Task material Block Start

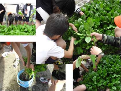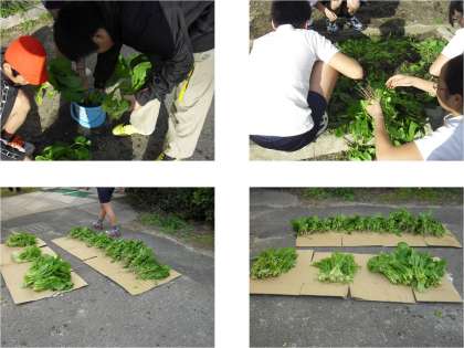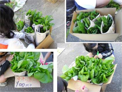 6年生の冬野菜がいよいよ22日(火)に出荷されます。学習発表会に来られた際にお立ち寄りください。無農薬水菜,壬生菜,小松菜一束1コイン100円です。
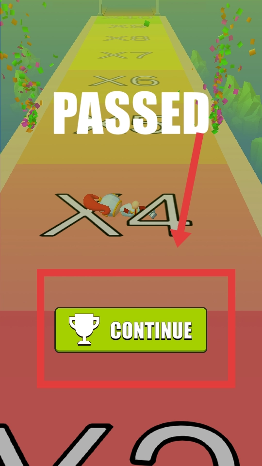 成功通过跑道后,界面会显示“PASSED”,此时点击绿色的继续按钮,就能结束当前关卡并进入下一关,挑战难度更高的跑酷任务。
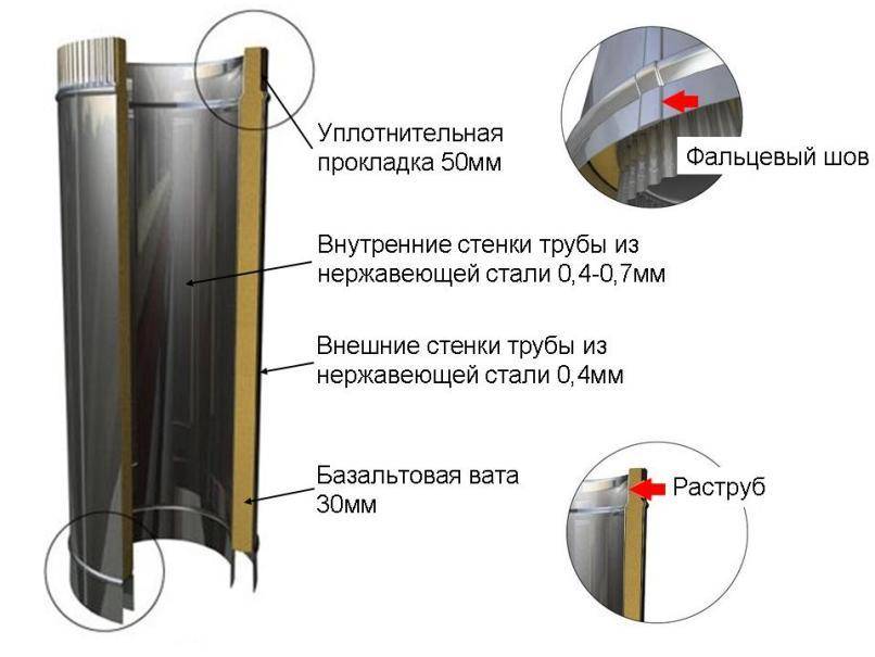 Труба в виде сэндвича представляет собой объединение двух металлических труб неодинакового диаметра, одна из которых располагается внутри другой. Образовавшийся зазор между ними уплотняется под большим давлением специальным огнеупорным теплоизоляционным материалом базальтовым волокном класса НГ. С целью упрощения монтажа применяются различные вспомогательные детали:
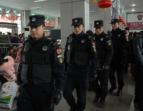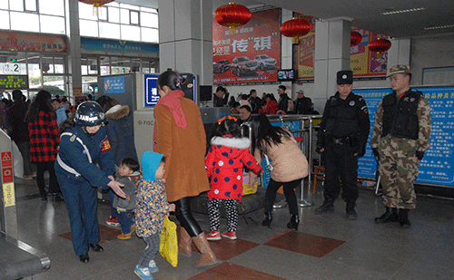 中午1點多鐘,由于成南高速公路私家小車流量增大,嚴重堵車,造成加班車輛不能及時返回車站,致使到成都的旅客排著兩列隊伍從候車廳8號檢票口一直延伸到5號檢票口對面的候車廳內(nèi)。但一直沒有看見到成都排隊上車的隊伍延伸到候車廳外,象往年那樣在站前廣場蜿蜒曲折“山路十八彎”的情景了。懸掛著12個大紅燈籠的整個候車大廳里旅客十分擁擠,人滿為患,卻暖意融融。車站派出所所長楊宗明帶領(lǐng)6名公安干警和嘉陵區(qū)公安分局的8名特警來回巡邏執(zhí)勤,反恐防暴,高度警惕地維護著檢票上車和旅客候車秩序。
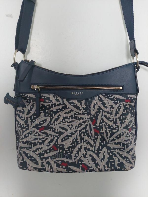 Сумка Radley темно-синего цвета с абстрактным брендированным принтом Вся фурнитура в наличии и целая. Параметры: 28/32 х 22 х 12 см

Task material Block End

Directions for this task:
Without the pictures, output the full listing exactly as it stands.

Output of the exercise:
 6年生の冬野菜がいよいよ22日(火)に出荷されます。学習発表会に来られた際にお立ち寄りください。無農薬水菜,壬生菜,小松菜一束1コイン100円です。
 成功通过跑道后,界面会显示“PASSED”,此时点击绿色的继续按钮,就能结束当前关卡并进入下一关,挑战难度更高的跑酷任务。
 Труба в виде сэндвича представляет собой объединение двух металлических труб неодинакового диаметра, одна из которых располагается внутри другой. Образовавшийся зазор между ними уплотняется под большим давлением специальным огнеупорным теплоизоляционным материалом базальтовым волокном класса НГ. С целью упрощения монтажа применяются различные вспомогательные детали:
 中午1點多鐘,由于成南高速公路私家小車流量增大,嚴重堵車,造成加班車輛不能及時返回車站,致使到成都的旅客排著兩列隊伍從候車廳8號檢票口一直延伸到5號檢票口對面的候車廳內(nèi)。但一直沒有看見到成都排隊上車的隊伍延伸到候車廳外,象往年那樣在站前廣場蜿蜒曲折“山路十八彎”的情景了。懸掛著12個大紅燈籠的整個候車大廳里旅客十分擁擠,人滿為患,卻暖意融融。車站派出所所長楊宗明帶領(lǐng)6名公安干警和嘉陵區(qū)公安分局的8名特警來回巡邏執(zhí)勤,反恐防暴,高度警惕地維護著檢票上車和旅客候車秩序。
 Сумка Radley темно-синего цвета с абстрактным брендированным принтом Вся фурнитура в наличии и целая. Параметры: 28/32 х 22 х 12 см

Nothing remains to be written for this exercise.